People might consider this idea: that to a dedicated and competent author of fiction, the very notion of what we call Narrativism is already, entirely internalized as the agenda.

Therefore to articulate it is so irrelevant, such a waste of time, and for that matter so potentially distracting that it seems alien to that person, to do so.

If forced, they might say, "But that goes without saying." You might recognize that phrase from Creative Agenda type discussions with fellow role-players, especially those who deny that diversity of such things would even exist.

So when such authors are asked, "Hey, what's the point, what's the experience, what's it like to do it, how do you feel when you do it, how do you do it," and so on, they always answer in terms of aesthetic experience, not in terms of what the necessary priorities are. Those priorities are so overwhelmingly present in the person's mind already, that he or she simply feels no need to express them separately from doing the work in the first place (and may well cannot).

This is why I favor Egri's treatment of the topic, rather than multiple others'. He's one of the few who step out of the personal, interior experience of writing to look at what it's composed of, regardless of what a given individual actually feels and experiences while doing it.

It's also linked to my frequent claim that people who read about Creative Agenda in role-playing are always going off the beam when they try to understand the idea through checking into their personal, interior, isolated sensations while role-playing.

And lastly, role-playing is unique in terms of creative/fictional media in that it requires author/audience roles to be shifted and combined, socially, during the event itself (much music performance does this, but it is not fiction, not directly anyway). Novelists, playwrights, film directors, and so forth are not familiar with this phenomenon at all - to them, Premise and Theme are interchangeable terms because to commit to the former, for a given work, is also to produce the latter. When they create characters, situations, and outcomes, the sense of discovery and shock may be present - but not in terms of the transition from Premise to Theme in any kind of attenuated, socially-interactive way.

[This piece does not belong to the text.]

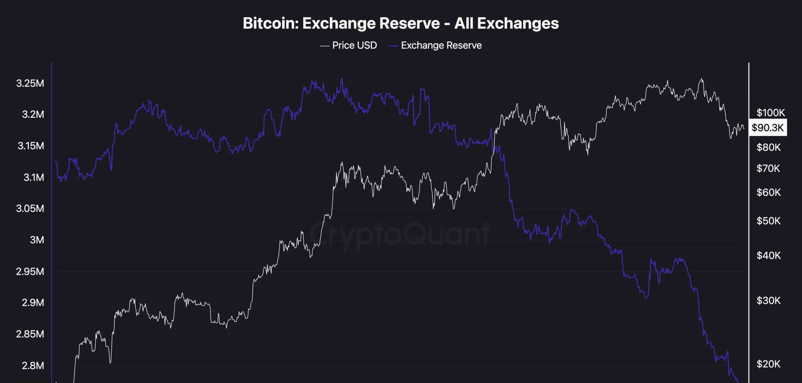 これは、機関投資の流入やリテールの関心が現状のレベルでは弱いままであるか、資本がマクロの明確さを待ってサイドラインに留まっているためかもしれません。スポット需要が入るまでは、リザーブの減少だけでは持続可能な上昇を引き起こすには不十分です。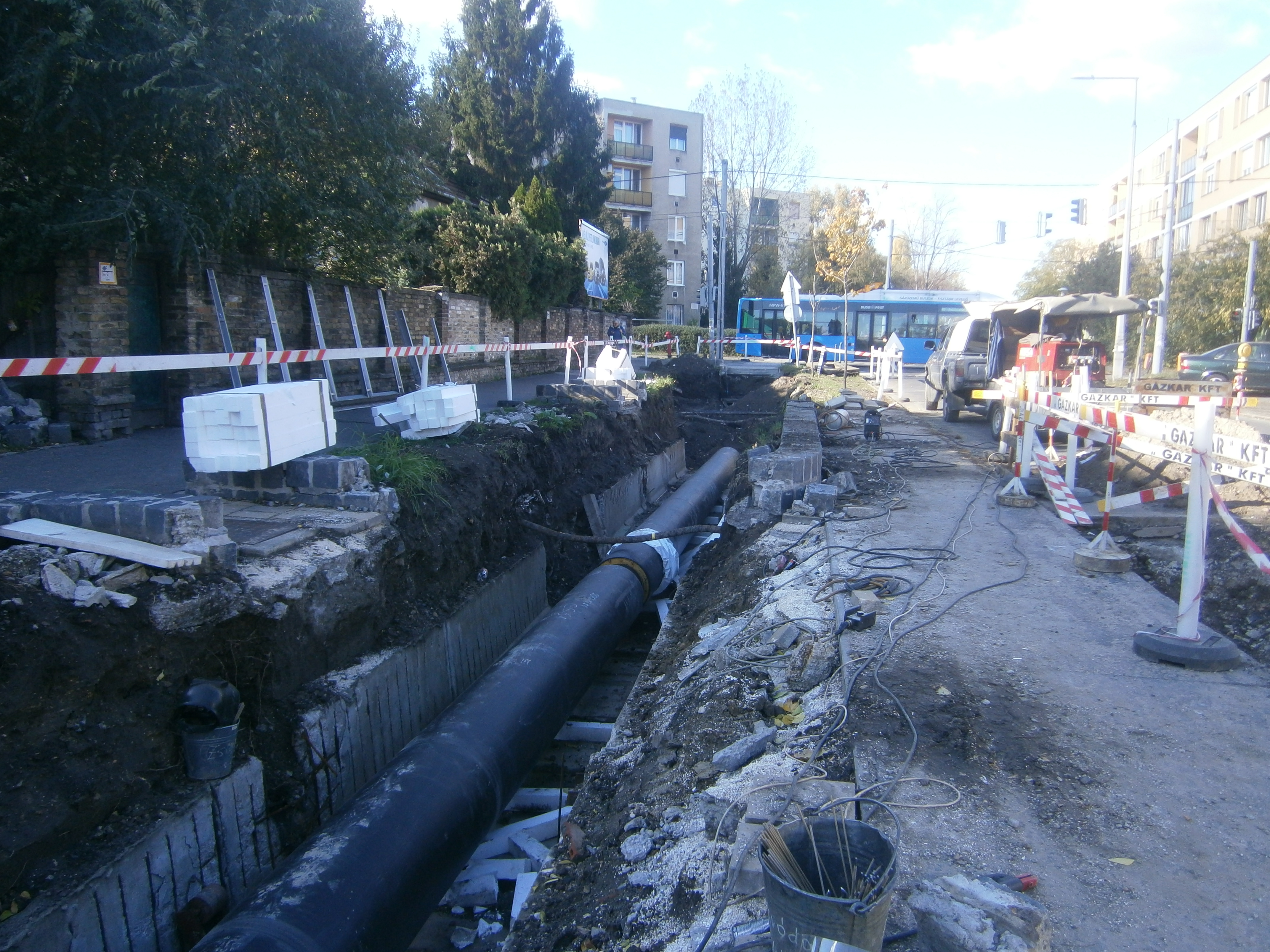 Technikai, műszaki tervezési problémák miatt a kivitelezési munkálatok októberi hónapban lelassultak, ezért a befejezés időpontját kivitelező 2018. január 31-re módosította. A téli munkavégzés feltételei, időjárási körülmények is nehezítik a munka várható befejezésének időpontját. A kivitelező rendelkezik közterülethasználati hozzájárulással. A munkálatok a befejezési stádiumban vannak, először a buszmegálló kerül vissza eredeti állapotában, majd a zöldterület földrendezése következik. A zöldterület rendezése, növényültetés tavasszal folytatódik, véglegesen ekkor zárulnak le a távhőszolgáltatás megújításának munkálatai.

Again, that's why Egri's ideas are useful, because he tries to nail that particular transition as a key creative step - his ideas are unnecessary for authors who have no difficulty with it, but very helpful to "stuck" authors who can't figure out why they can't make a story. And, as it turns out, equally useful to artists/authors who turn that transition into the essential motor of creativity, which is to say, us.

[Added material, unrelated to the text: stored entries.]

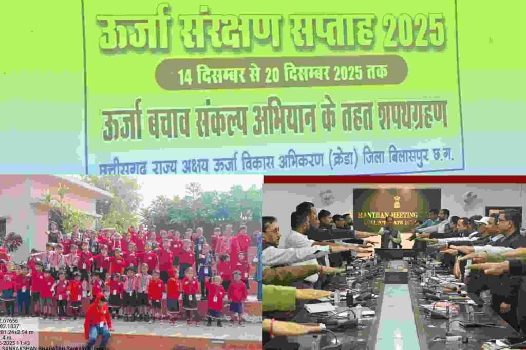 बिलासपुर:–ऊर्जा संरक्षण को प्रोत्साहित करने के उद्देश्य से जिले में 14 से 20 दिसम्बर 2025 तक ऊर्जा संरक्षण सप्ताह मनाया जा रहा है। इस अवसर पर ऊर्जा संरक्षण को जन-आंदोलन बनाने के लिए जिलेभर में संकल्प एवं जागरूकता अभियान संचालित किया जा रहा है।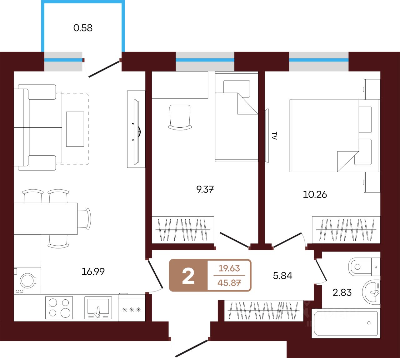 Продаётся 2-комнатная квартира в строящемся доме (литер 2), срок сдачи: II-кв. 2027, общей площадью 45.87 кв.м., на 2 этаже. Новый жилой комплекс "ЯРАТАУ" от застройщика "СЗ НВ - 1" расположен по адресу Россия, Республика Башкортостан, Иглинский район, село Акбердино, Газпромовская улица.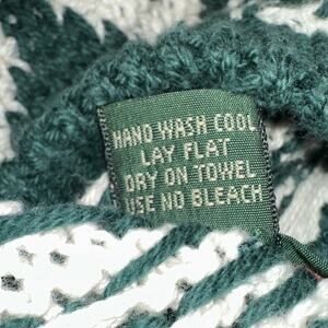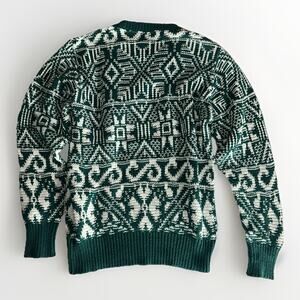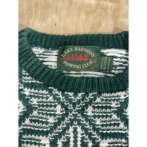 Authentic vintage Lake Harmony Rowing Club sweater in green and white with bold geometric knit patterns. Crewneck, ribbed cuffs and hem, and soft mid-weight cotton blend knit. Made in USA – quality craftsmanship with a rare rowing club graphic tag.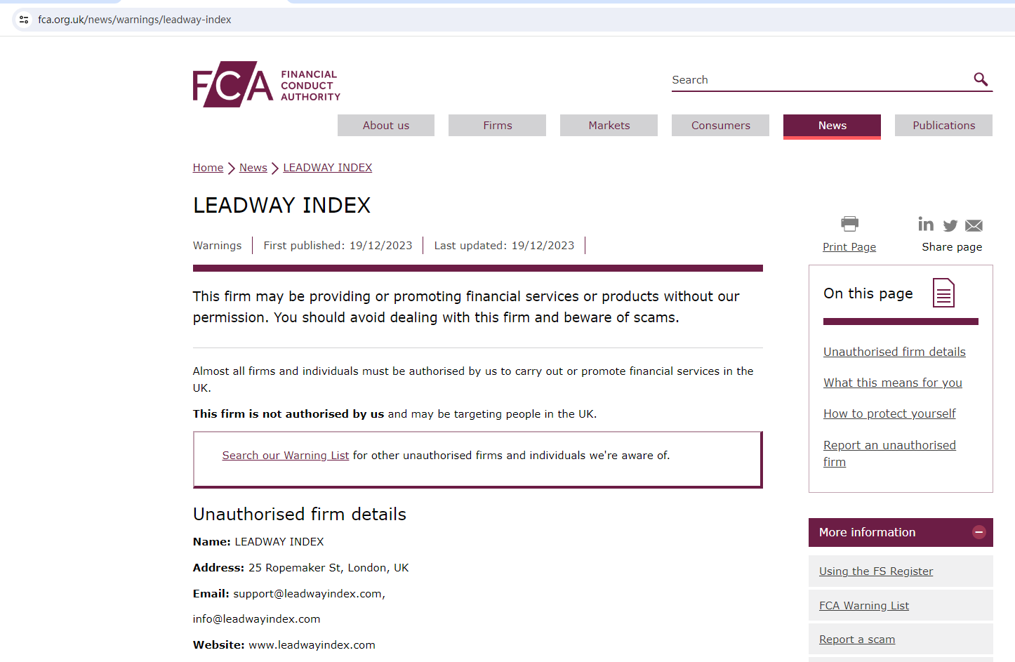 Leadway Index locates in the United Kingdom, but the UK Financial Conduct Authority (UK FCA) issued a warning that Leadway Index was providing finacial services or products without authorisation.

So I see two reasons to understand, without any difficulty, the creative disconnect between role-playing and authoring fiction (which I think, historically, has polluted fiction badly in the last twenty years):

1. The Creative Agenda diversity issue, which I articulated in my previous post and extended slightly in this one; and

2. (even if Narrativist priorities are held constant) The difference in medium, in which the actual crux of "what we do" while creating the work, i.e. Premise, has shifted from a given to an open, socialized question.